Although the entries contain pictures, write out only their text, exactly as it stands.

▽

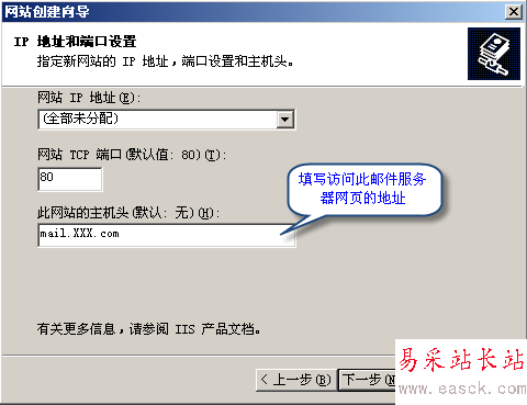 選擇網站IP(通常不用改變),端口為80,如果有需要可以更改為其他端口但訪問時網頁地址將變成http://mail.XXX.com:端口(修改的端口)
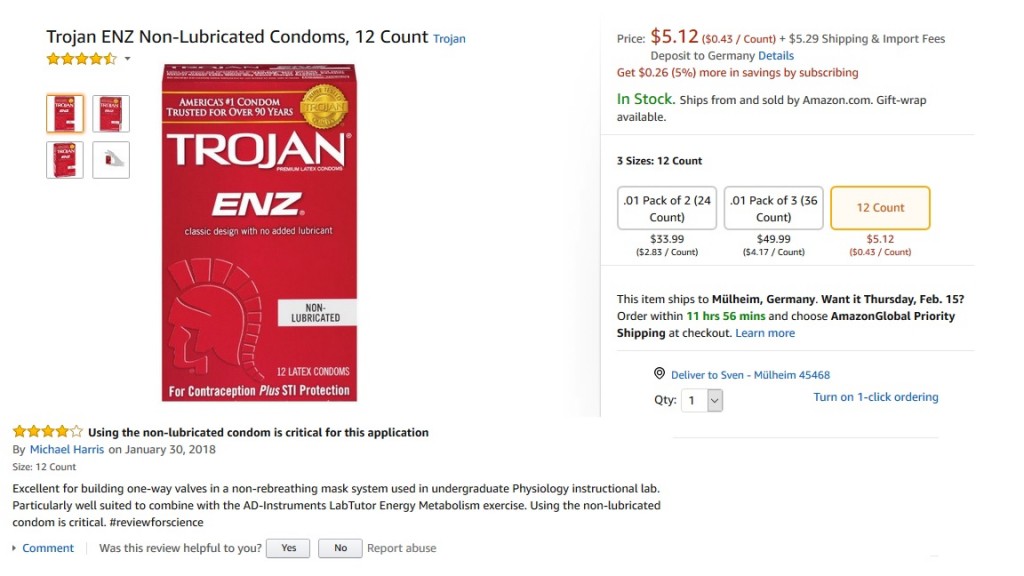 - While a scientists a Vibrator for scientific purposes, there is another the research budget for Trojan condoms from. According to the Review, the condoms made of natural suitable rubber suited, one-way valves in a non-breathing mask system of the physiology laboratory. Is supplemented the Review with the note that non-lubricated condoms would not be used for this purpose as well. How did he find out?
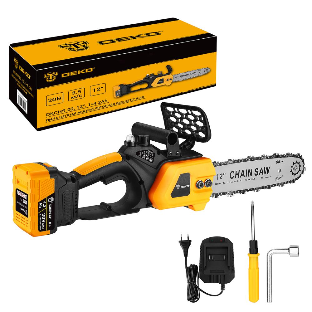 Пила цепная аккумуляторная бесщеточная DEKO DKCHS 20, 12", 20В, 1x4.2Ач, з/у 083-2021 |
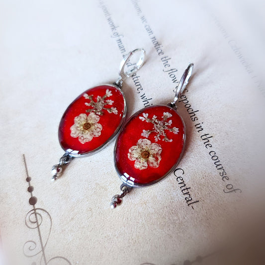 Spirea Earrings | Red Real Flower Dangle Earrings | Stained steel earrings |Pressed Flower Jewelry
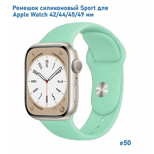 Ремешок силиконовый Sport для Apple Watch 42/44/45/49 мм, на кнопке, ярко-мятный (50)
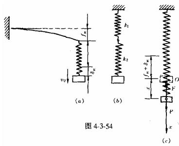 于是,圖4—3—54(a)所示振動系統可以抽象為圖4—3—54(b)所示的串聯彈簧系統。又因串聯彈簧可用一等效彈簧來替代,其當量剛性系數為
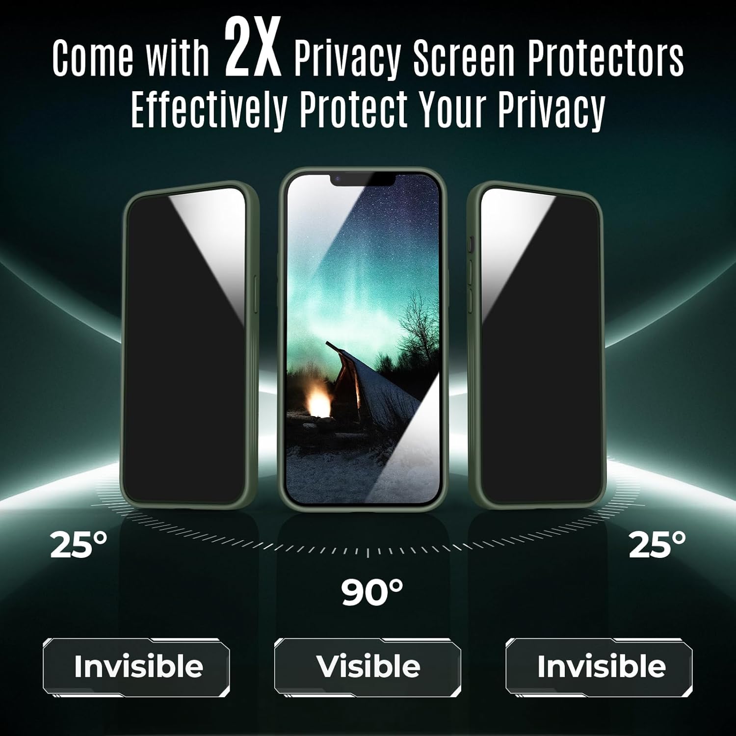 Designed for iPhone 12 Pro Max Case, Compatible with MagSafe, with Privacy Screen Protectors X2, [Camera Protection] [15FT Military Drop Protection] Shockproof Phone Case, 6.7", Alpine Green
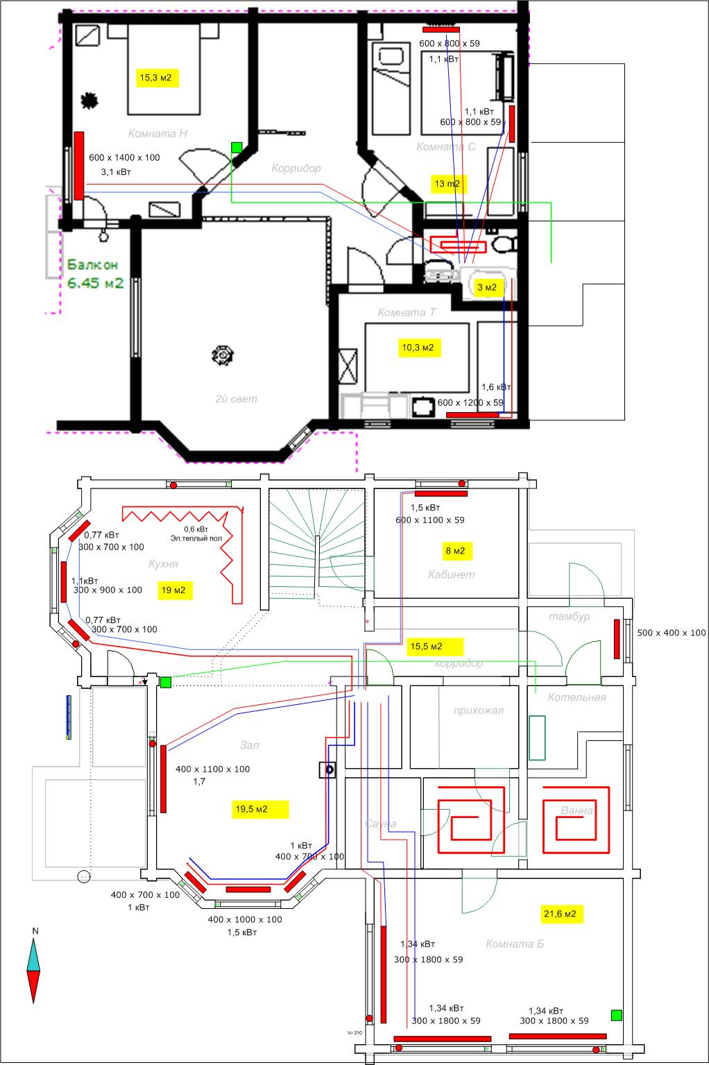 Вы правильно решили применить коллекторную систему, но неправильно поняли как она делается. 1. Коллекторный ящик не стоит располагать в ванной комнате т.к. там гидроизоляция и греющие полы. 2. Трубы подключения не прокладываются через стены - только через проёмы (дверные). Незначительная усадка стены может повредить трубы. А усадка первый год будет обязательно. 3. На малых площадях (до 12м2) ванных и туалетов тёплые полы можно подключить к обычному отоплению со специальным термостатным ограничителем температуры ( у Данфосс это FJWR) - есть и других фирм. Также готовые блоки с регулировкой для таких полов. 4. Коллекторные ящики лучше всего расположить в коридорах в центре дома чтоб расстояния до радиаторов в разные стороны были бы примерно похожими. Система с двумя котлами 1 - электро; 2- Газовый - "Турбо" исполнения без трубы как резерв, или наоборот, впишуться в вашу котельную. Надо выбрать котлы и под них делать схему котельной Что-то увидел ваш регион и мощности приборов - кажется, на первый взгляд, маловато
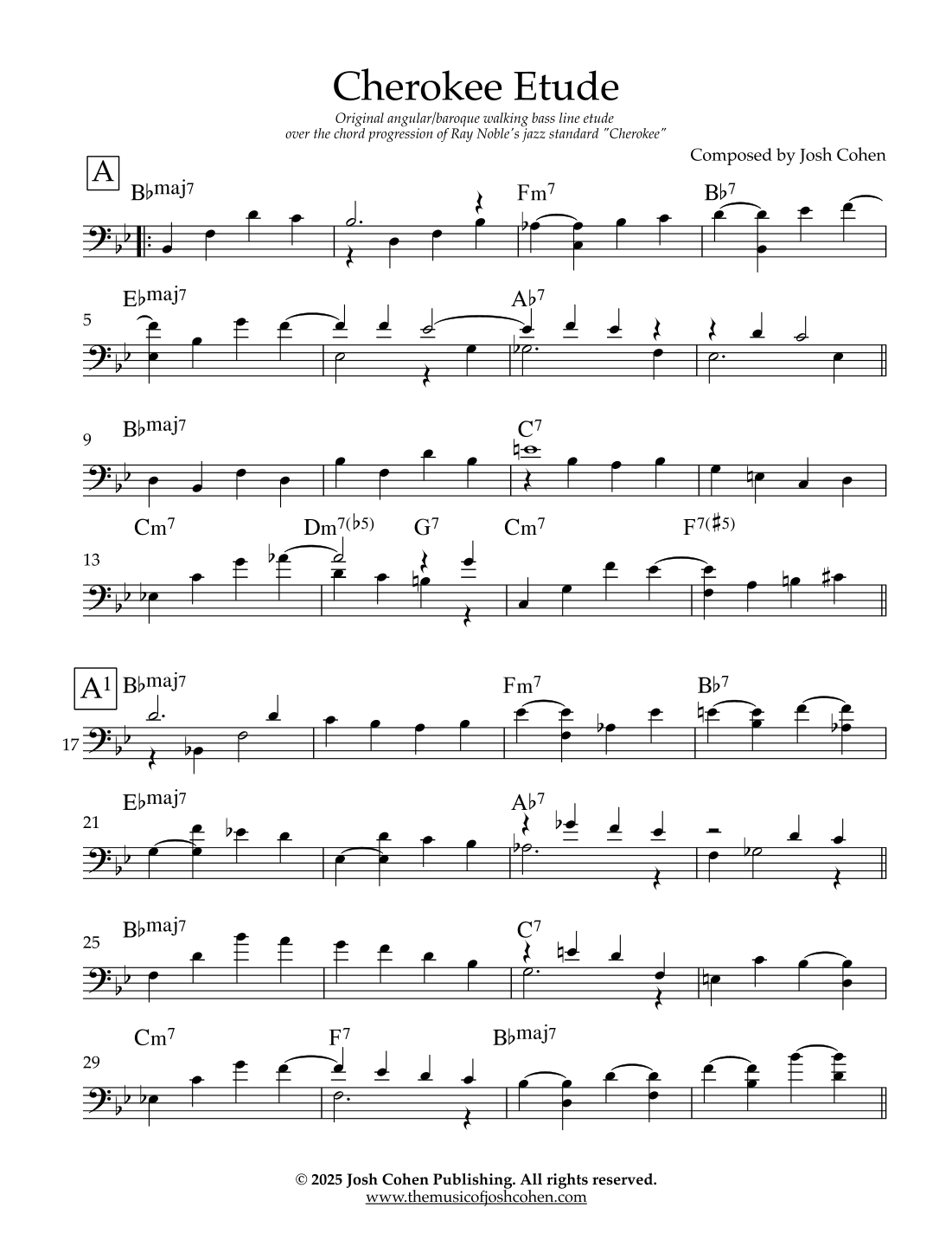 Cherokee Etude - Angular/Baroque Walking Bass Line Etude by Josh Cohen Sheet Music for Educational Exercises at Sheet Music Direct

△

Response
 選擇網站IP(通常不用改變),端口為80,如果有需要可以更改為其他端口但訪問時網頁地址將變成http://mail.XXX.com:端口(修改的端口)
 - While a scientists a Vibrator for scientific purposes, there is another the research budget for Trojan condoms from. According to the Review, the condoms made of natural suitable rubber suited, one-way valves in a non-breathing mask system of the physiology laboratory. Is supplemented the Review with the note that non-lubricated condoms would not be used for this purpose as well. How did he find out?
 Пила цепная аккумуляторная бесщеточная DEKO DKCHS 20, 12", 20В, 1x4.2Ач, з/у 083-2021 |
 Spirea Earrings | Red Real Flower Dangle Earrings | Stained steel earrings |Pressed Flower Jewelry
 Ремешок силиконовый Sport для Apple Watch 42/44/45/49 мм, на кнопке, ярко-мятный (50)
 于是,圖4—3—54(a)所示振動系統可以抽象為圖4—3—54(b)所示的串聯彈簧系統。又因串聯彈簧可用一等效彈簧來替代,其當量剛性系數為
 Designed for iPhone 12 Pro Max Case, Compatible with MagSafe, with Privacy Screen Protectors X2, [Camera Protection] [15FT Military Drop Protection] Shockproof Phone Case, 6.7", Alpine Green
 Вы правильно решили применить коллекторную систему, но неправильно поняли как она делается. 1. Коллекторный ящик не стоит располагать в ванной комнате т.к. там гидроизоляция и греющие полы. 2. Трубы подключения не прокладываются через стены - только через проёмы (дверные). Незначительная усадка стены может повредить трубы. А усадка первый год будет обязательно. 3. На малых площадях (до 12м2) ванных и туалетов тёплые полы можно подключить к обычному отоплению со специальным термостатным ограничителем температуры ( у Данфосс это FJWR) - есть и других фирм. Также готовые блоки с регулировкой для таких полов. 4. Коллекторные ящики лучше всего расположить в коридорах в центре дома чтоб расстояния до радиаторов в разные стороны были бы примерно похожими. Система с двумя котлами 1 - электро; 2- Газовый - "Турбо" исполнения без трубы как резерв, или наоборот, впишуться в вашу котельную. Надо выбрать котлы и под них делать схему котельной Что-то увидел ваш регион и мощности приборов - кажется, на первый взгляд, маловато
 Cherokee Etude - Angular/Baroque Walking Bass Line Etude by Josh Cohen Sheet Music for Educational Exercises at Sheet Music Direct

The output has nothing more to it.